**TASK GOAL:** For each record that follows, give it back exactly, with no pictures included.

Records from a data source:
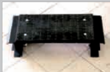
quick fit adapter
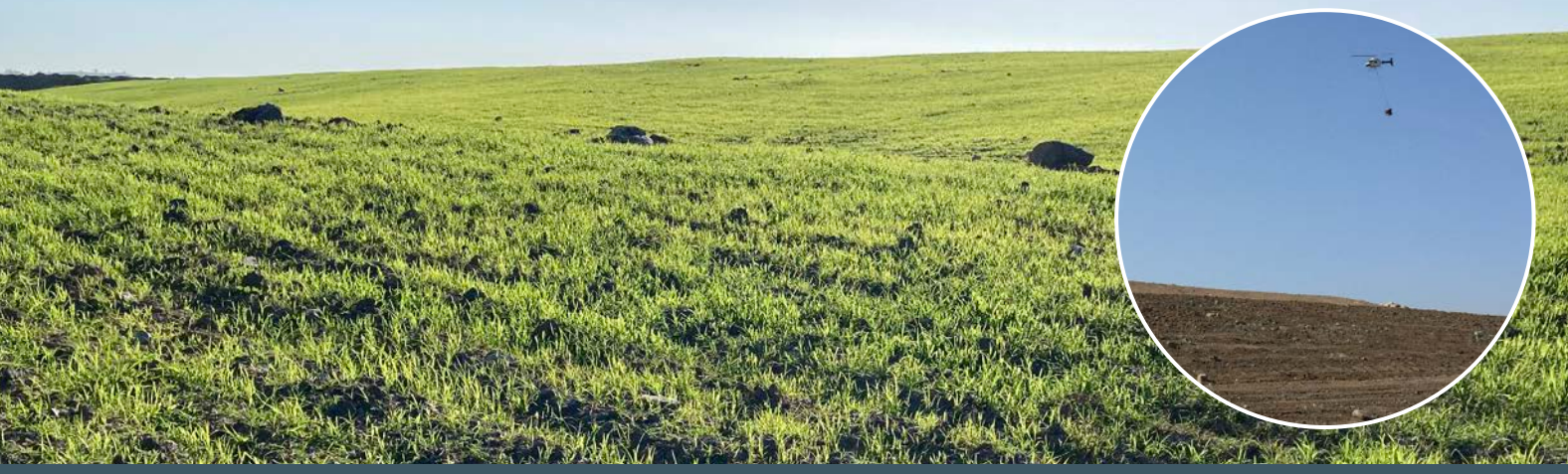
Rehabilitation at Mt Owen mine one month after aerial seeding (inset).
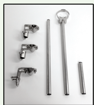
Air Nozzle Kits
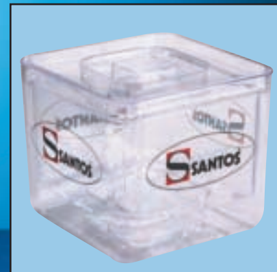
N° 53 Gris
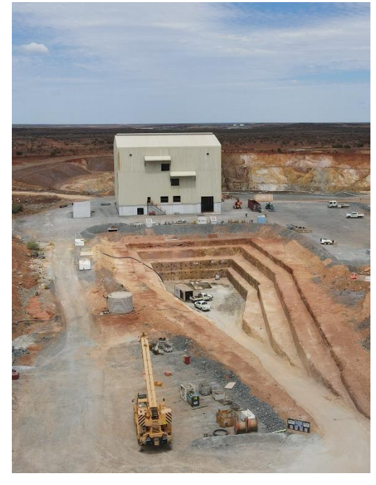
Raise bore machine site and winder house construction

Furthermore, significant work has been completed at the winder house facility, which will allow the winder to be installed early in 2022, after which mechanical, electrical and hydraulic fit out will commence.
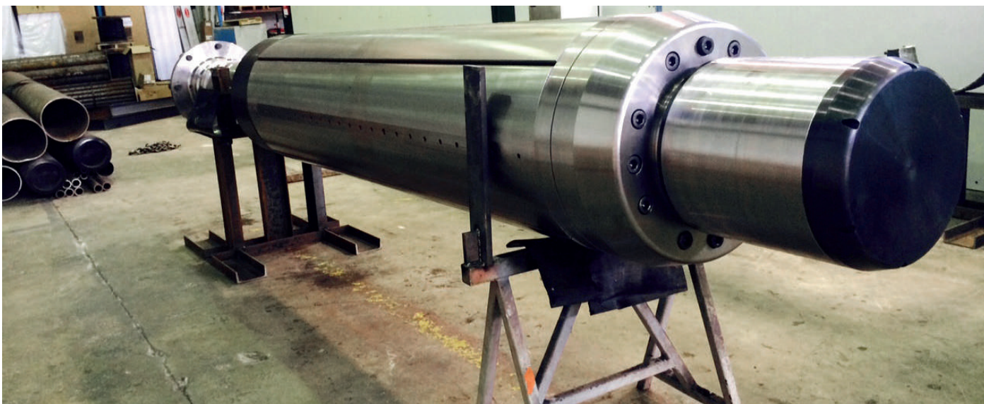
MANDREL Ø 762 x 2050
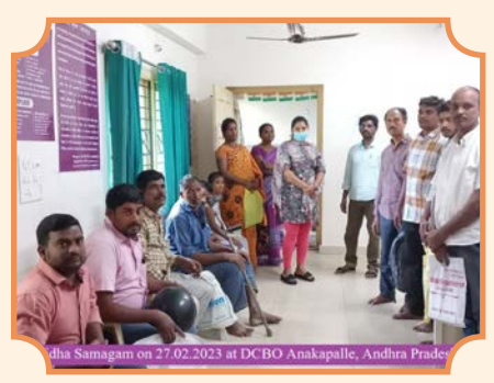
Annakapalle, Andhra Pradesh
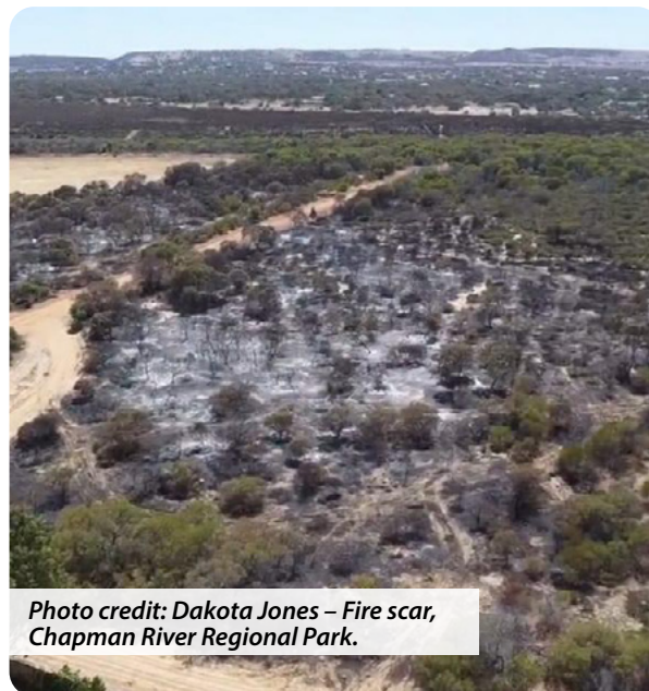
Fire scar, Chapman River Regional Park.

WATCH OUT FOR WILDLIFE! Now that the weather is warming up, please be mindful of wildlife on the move.
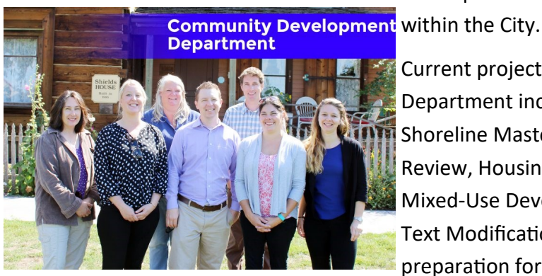
to the Comprehensive Plan.

Current projects in the Department include: Shoreline Master Program Review, Housing Infill, Mixed-Use Development Text Modifications, and preparation for Updates
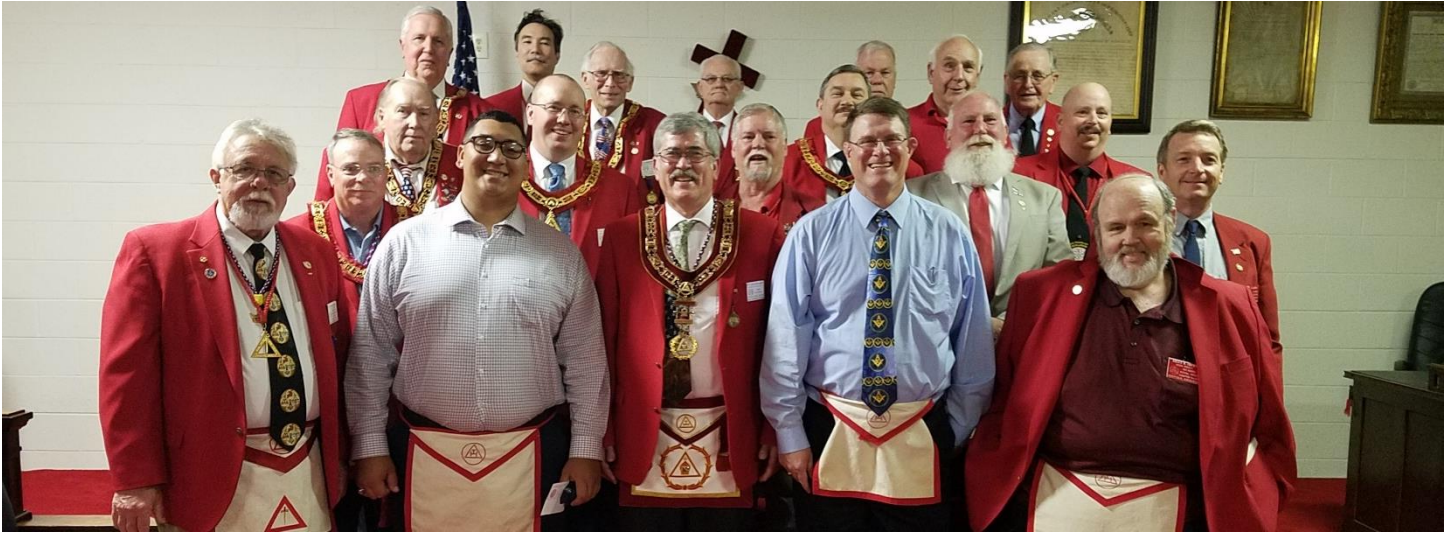
Mt. Horeb Chapter welcomes new Companions recently exalted
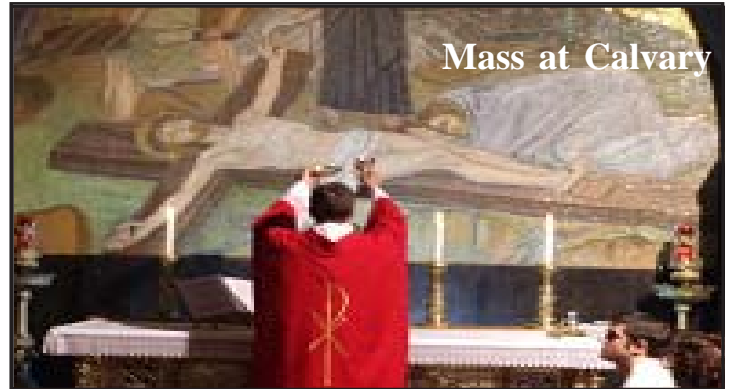
Mass at Calvary
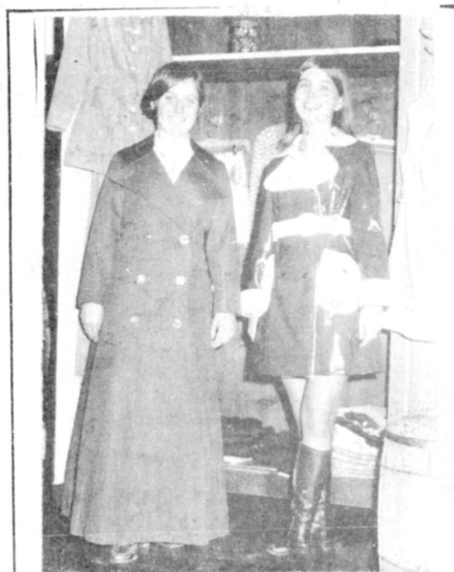
HOW ABOUT THOSE CITY SLICKER LOOKS at THE WARDROBE

A tragedy happened at WHS on Wednesday, February 4. The beloved milkshake machine fell over and one of the legs was badly broken. Due to the serious fall, the machine will have to be replaced. So if you see any undernourished students, it could be that they didn't have their noon milkshake.
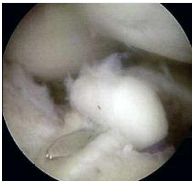
Fig. 4. Arthroscopic view through an anterolateral portal obtained using a 30° scope. Right elbow. The Kirschner wire emerges from the anterior aspect of the unfractured coronoid process.

prevent it from advancing too far anteriorly. Once the Kirschner wire emerges from the anterior aspect of the unfractured coronoid process, a cannulated drill (4 mm diameter) is advanced over the Kirschner wire ( Fig. 4 ). Once all the sutures have been retrieved posteriorly, an arthroscopic button (Endobutton, Smith&Nephew, London, UK) or is used to complete the knot tying ( Fig. 5 ).
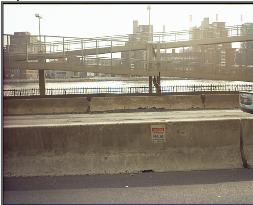
8. View looking east from the location of the proposed River Building on the FDR Drive between E. 71 st Street and E. 72 nd Street
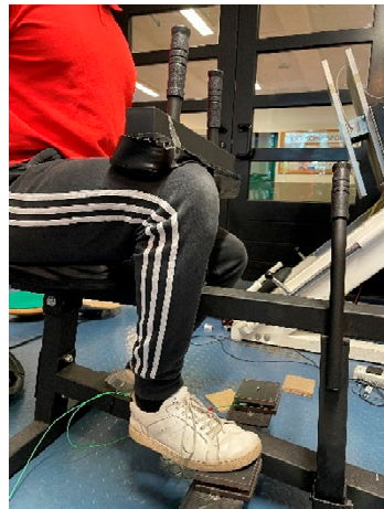
Figure 1. Calf-muscle-testing device (CMD) measuring the maximum isometric strength in pre- and post-test with force plates.
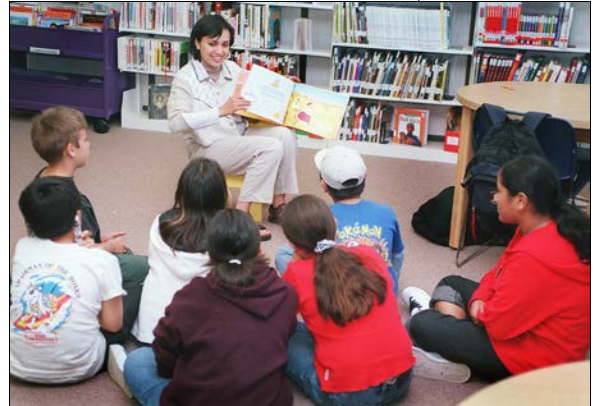
San Rafael children enjoy the library's reading programs.

Resources: Staff Time, Bonds, Grants, Tax, Donations
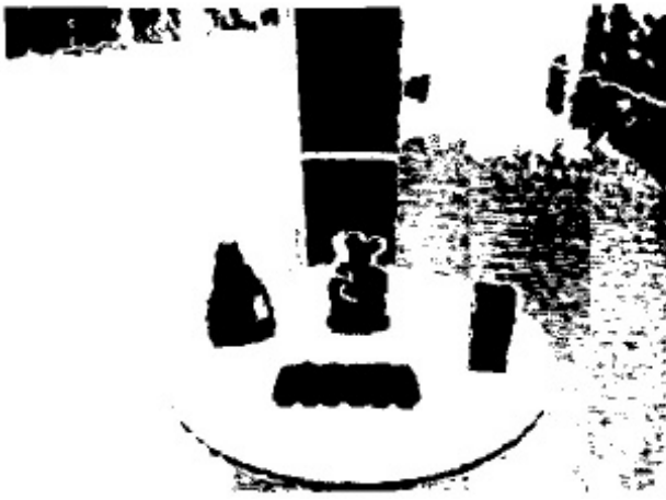
(c) The planes-and-edges mask. White indicates areas that will be masked out of the image. Flood fill occurs within the black areas.
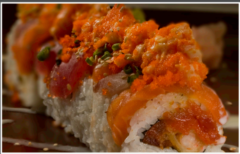
B-ROLL 13.00 (D.F. Shrimp, Spicy Tuna) Avocado, Salmon, Tuna, Hamachi, topped with mixed Shrimp
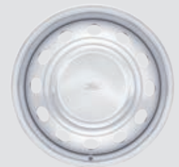
16" White Steel with White Front Hubcap (front wheel shown) Standard: DRW Cutaway & Chassis Cab Optional: DRW Passenger Wagon & Van (Fleet only)
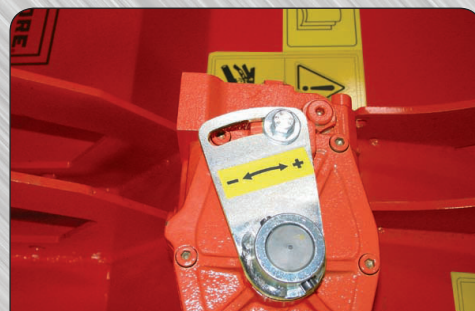
Piston Motor w/Adjustable Gallons Per Minute
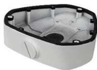
DS-1281ZJ-DM25 Inclined ceiling mount
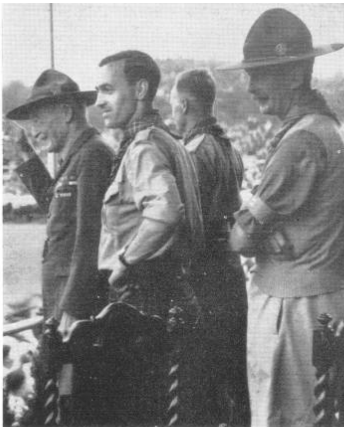
B.-P. and Lord Somers watching display of Scottish dancing with Jack Stewart, the producer, at the Vogeleisang Jamboree, 1937.
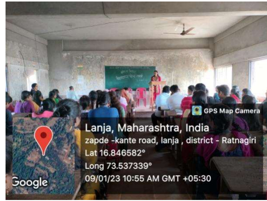
Bindhast bol Competition
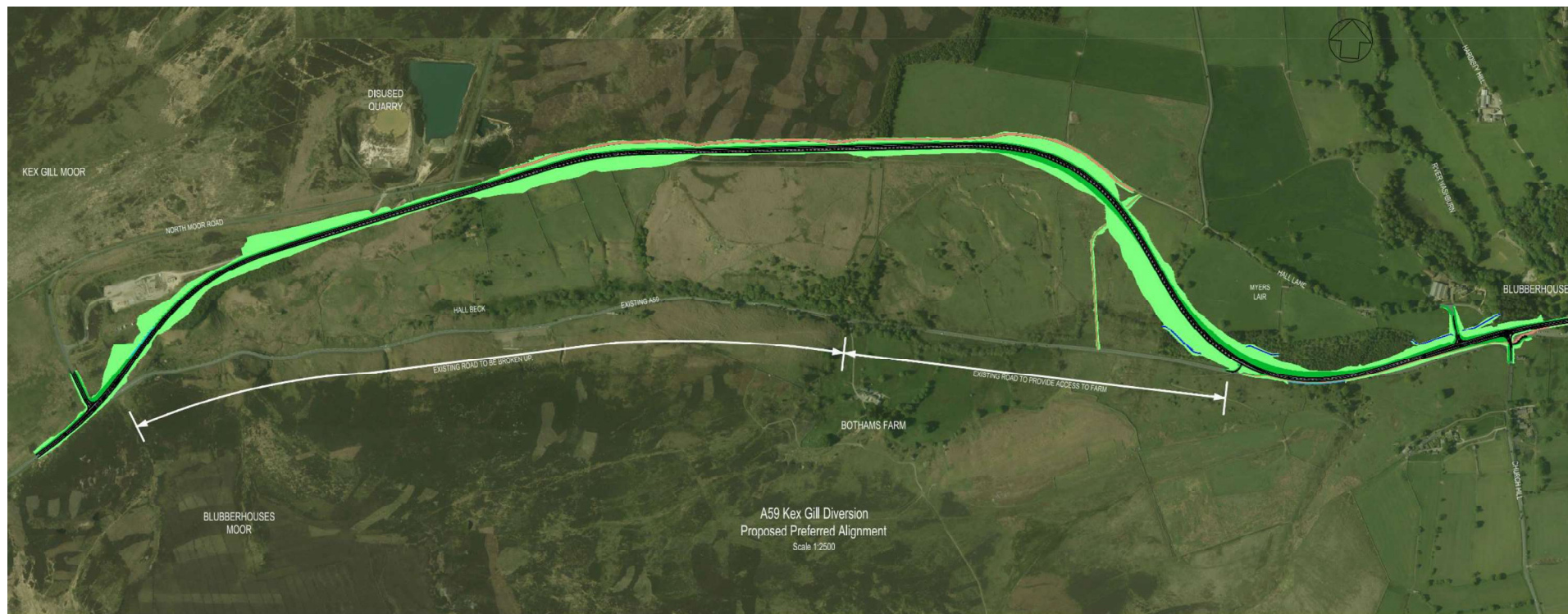
A59 Kex Gill diversion route alignment, to northern valley side; circa 4km new highway and abandonment of existing on southern side.

**WRITTEN REPLY:**
quick fit adapter
Rehabilitation at Mt Owen mine one month after aerial seeding (inset).
Air Nozzle Kits
N° 53 Gris
Raise bore machine site and winder house construction

Furthermore, significant work has been completed at the winder house facility, which will allow the winder to be installed early in 2022, after which mechanical, electrical and hydraulic fit out will commence.
MANDREL Ø 762 x 2050
Annakapalle, Andhra Pradesh
Fire scar, Chapman River Regional Park.

WATCH OUT FOR WILDLIFE! Now that the weather is warming up, please be mindful of wildlife on the move.
to the Comprehensive Plan.

Current projects in the Department include: Shoreline Master Program Review, Housing Infill, Mixed-Use Development Text Modifications, and preparation for Updates
Mt. Horeb Chapter welcomes new Companions recently exalted
Mass at Calvary
HOW ABOUT THOSE CITY SLICKER LOOKS at THE WARDROBE

A tragedy happened at WHS on Wednesday, February 4. The beloved milkshake machine fell over and one of the legs was badly broken. Due to the serious fall, the machine will have to be replaced. So if you see any undernourished students, it could be that they didn't have their noon milkshake.
Fig. 4. Arthroscopic view through an anterolateral portal obtained using a 30° scope. Right elbow. The Kirschner wire emerges from the anterior aspect of the unfractured coronoid process.

prevent it from advancing too far anteriorly. Once the Kirschner wire emerges from the anterior aspect of the unfractured coronoid process, a cannulated drill (4 mm diameter) is advanced over the Kirschner wire ( Fig. 4 ). Once all the sutures have been retrieved posteriorly, an arthroscopic button (Endobutton, Smith&Nephew, London, UK) or is used to complete the knot tying ( Fig. 5 ).
8. View looking east from the location of the proposed River Building on the FDR Drive between E. 71 st Street and E. 72 nd Street
Figure 1. Calf-muscle-testing device (CMD) measuring the maximum isometric strength in pre- and post-test with force plates.
San Rafael children enjoy the library's reading programs.

Resources: Staff Time, Bonds, Grants, Tax, Donations
(c) The planes-and-edges mask. White indicates areas that will be masked out of the image. Flood fill occurs within the black areas.
B-ROLL 13.00 (D.F. Shrimp, Spicy Tuna) Avocado, Salmon, Tuna, Hamachi, topped with mixed Shrimp
16" White Steel with White Front Hubcap (front wheel shown) Standard: DRW Cutaway & Chassis Cab Optional: DRW Passenger Wagon & Van (Fleet only)
Piston Motor w/Adjustable Gallons Per Minute
DS-1281ZJ-DM25 Inclined ceiling mount
B.-P. and Lord Somers watching display of Scottish dancing with Jack Stewart, the producer, at the Vogeleisang Jamboree, 1937.
Bindhast bol Competition
A59 Kex Gill diversion route alignment, to northern valley side; circa 4km new highway and abandonment of existing on southern side.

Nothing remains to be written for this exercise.